Fig. 4. Schematic of the vapor generator constructed by NRL Code 6365. The system consists of main dilution and 2-stage mixing dilution of the chemical concentration. All air and nitrogen lines are temperature-controlled by a water bath (-15 to 100 °C.) Concentrations ranging from 0.1 ppb to 1000 ppm can be delivered, depending on the chemical properties. For the present case of DMMP, the range is 0.1 ppb to 20 ppm. Up to 5 independent chemicals can be added to the system.

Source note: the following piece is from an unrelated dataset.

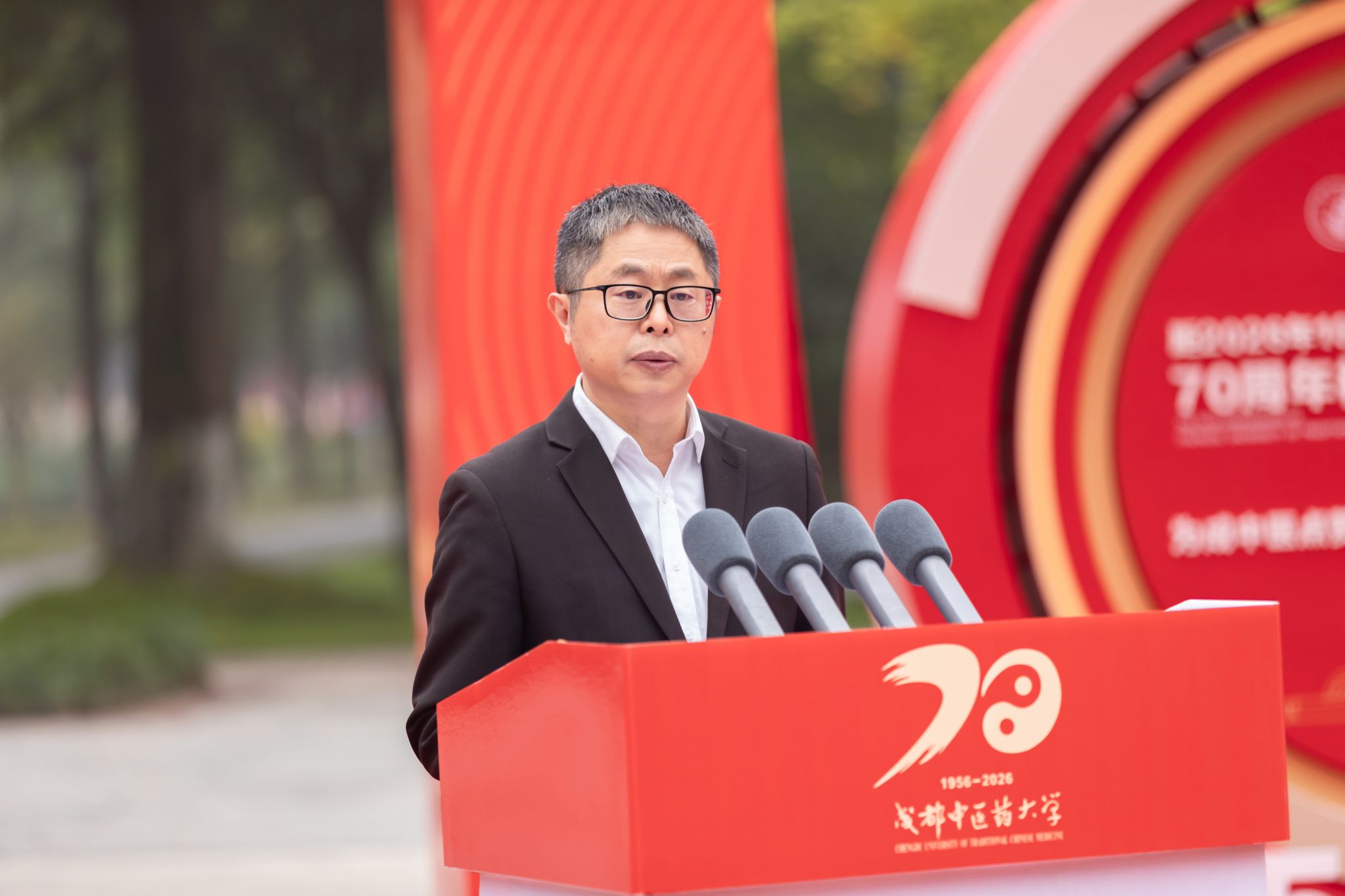 张泽钧在启动仪式上讲话,他指出,beat365平台唯一官网七十年耕耘路,绘就了一幅与国同运、厚朴远志的创业画卷;谱写了一曲守正出新、砥砺前行的开拓之歌;收获了一幅同心致远、桃李天下的丰收图景;beat365平台唯一官网的70年,是成中医与国家民族同呼吸、共命运,扎根中国西部的立业史;是成中医人用信念和热忱,将自身发展融入国家需要的奋进史;是中医药高等教育根植华夏文明沃土,生动彰显精神底蕴的发展史。

Figure 5(a) is a schematic of the measurement setup. Figures 5(b) and 5(c) show 7 ICL sensing devices on a copper heat sink that is mounted on a thermoelectric (TE) cooling stage. Figure 5(d) illustrates the position of the sensing device, which was placed a few inches inside and along the axis of the 4”-diameter stainless steel cup where DMMP vapor is delivered to the device in a 20 l/min airflow at a controlled humidity level. The pulsed light-current (L-V) characteristics of the ICL with sorbent coating on the sensing window are monitored to determine the dependence of laser emission on DMMP concentration. While the present epi-up-mounted wide ridges cannot reach the lasing threshold at room temperature under cw excitation, future improvements in the ICL performance, processing precision, and design of the sensing window will enable cw operation. Above threshold, current injected through the metal contacts spreads laterally over the sensing window, so that the inner portion of the ridge lases before the metal-covered outer portion with high loss from the metallization. This was verified by increasing the width of the sensing window to 40 µm, at which point two lasing thresholds were observed. The initial reduced slope indicated lasing under the metal, while the second higher threshold resulted from lasing in the sensing window that received less current injection. Light emitted from the ICL output facet is collimated with a 1” lens through a 2.547 µm wavelength bandpass filter, and collected by a cooled InSb detector via a tube that filters out unwanted bounces of the laser emission.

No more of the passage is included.